Sitting there in the quiet, the lights off, the green floodlights from the M. Bella Chancery lawn spilling through the windows, it felt as if we were at the bottom of the ocean. The thin shadows from the bare trees outside stretched across the wooden floor like sea grass and sargassum weed, the grit dappling the windows, a little bit of zooplankton, the floor lamp in the corner, a glass-rope sponge. Jade sighed and turned over onto her back, her hair stuck to her cheeks.

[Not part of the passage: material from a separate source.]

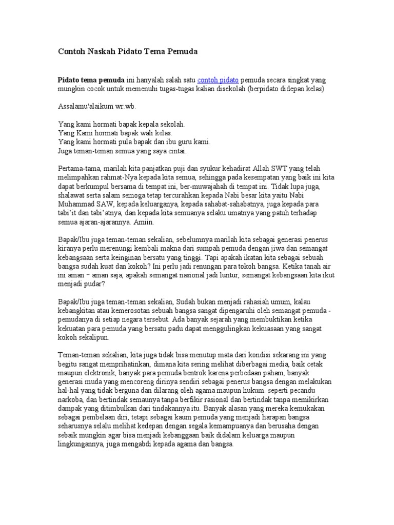 Contoh Naskah Pidato Tema Pemuda Assalamualaikum wrwb. Serta teman-teman yang saya cintai. Semoga dengan contok teks tadi bisa anda jadikan referensi untuk membuat teks pidato sendiri.
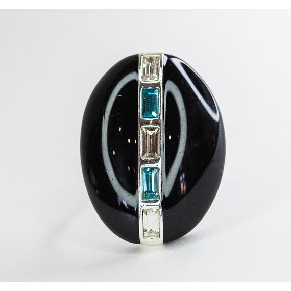 Кольцо из гипоаллергенного ювелирного сплава серого цвета. Покрытие- эмаль черного цвета. Вставка- ювелирное стекло, цвет-белый, голубой. Высота кольца-3см, ширина-2,5см. Размер-18,0.

“We should get out of here,” I said.
“You like him,” she said.
“Who?”
“Coupon.”
“Like I like noise pollution.”
“You’re going to run off with him.”
“Right.”
“You’re going to have tons of sex with him and have his gift certificates. Seriously. I know these things. I’m psychic.”
“Shut up.”
“Hurl?”
“What.”
“I hate the others.”
“Who?”
“Leulah. Charles. I hate them. I like you. You’re the only one who’s decent. The others are all sick. And I hate Hannah most of all. Ugh.”
“Oh, come on.”
“ No. I pretend I don’t because it’s easy and fun to go over and have her cook and watch her act like St. Francis of friggin’ Assisi. Sure. Blah blah. But deep down I know she’s sick and repulsive.”
I waited for a moment, enough time for, say, a spinner shark to swim by seeking a school of sardines, for that peculiar word she used, repulsive, to disband, dissolve slightly, like ink from a cuttlefish.
“Actually,” I said, “it’s a common feeling for people to feel intermittent antipathy toward individuals they’re familiar with. It’s the Derwid-Loeverhastel Principle. It’s discussed in Beneath the Associated —”
“ Fuck David Hasselhoff.” She raised herself up on an elbow, narrowing her eyes. “I don’t like the woman.” She frowned. “ You like her?”